***** THE DATA
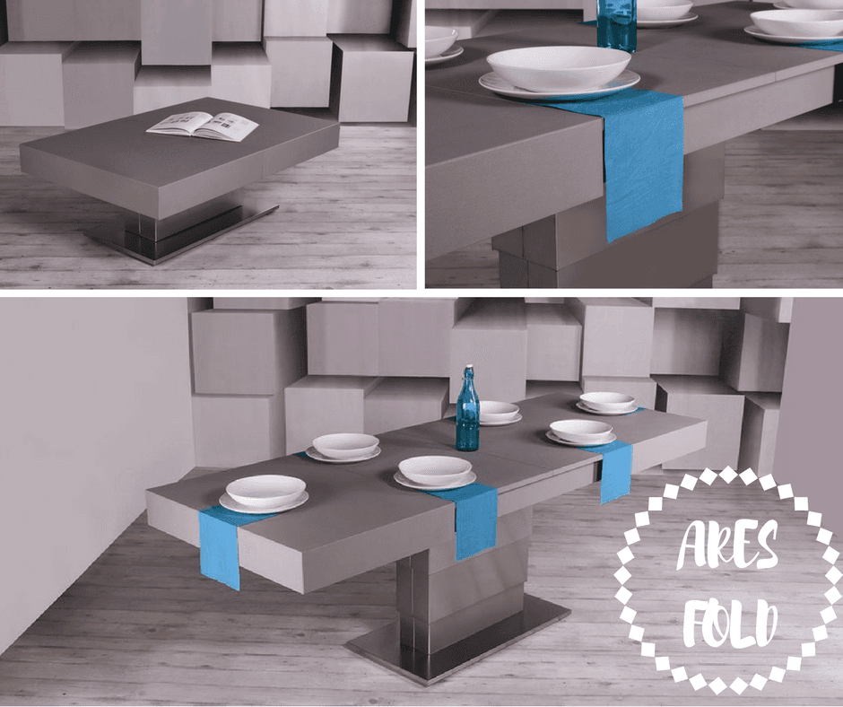 Tavoli allungabili o a scomparsa, alzabili o pieghevoli.
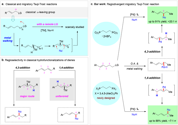 通过大量的配体考察,发现环己基取代的dppp类型双膦配体可以协同钯催化实现上述设计的历程,并且能够以高的收率和区域选择性得到3-位取代的烯丙基产物。另一方面,我们通过合成新的富电子的dppp类型双膦配体,能够调控实现共轭二烯中间体的1,4-加成,从而得到4-位取代的烯丙基产物(图1c)。这突破了常见的芳基取代的共轭二烯所参与的不对称氢官能团化会倾向于经历4,3-氢官能团化的常识(图1b)。目前相关的不对称催化转化历程仍在探索中。
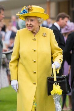 Krolowa Elzbieta II w zoltym plaszczyku i zoltym kapeluszu na garden party w Palacu Buckingham
**********
▸ **TASK TO CARRY OUT**
Everything in the material must be duplicated exactly, except the pictures.

▸ **THE ANSWER**
 Tavoli allungabili o a scomparsa, alzabili o pieghevoli.
 通过大量的配体考察,发现环己基取代的dppp类型双膦配体可以协同钯催化实现上述设计的历程,并且能够以高的收率和区域选择性得到3-位取代的烯丙基产物。另一方面,我们通过合成新的富电子的dppp类型双膦配体,能够调控实现共轭二烯中间体的1,4-加成,从而得到4-位取代的烯丙基产物(图1c)。这突破了常见的芳基取代的共轭二烯所参与的不对称氢官能团化会倾向于经历4,3-氢官能团化的常识(图1b)。目前相关的不对称催化转化历程仍在探索中。
 Krolowa Elzbieta II w zoltym plaszczyku i zoltym kapeluszu na garden party w Palacu Buckingham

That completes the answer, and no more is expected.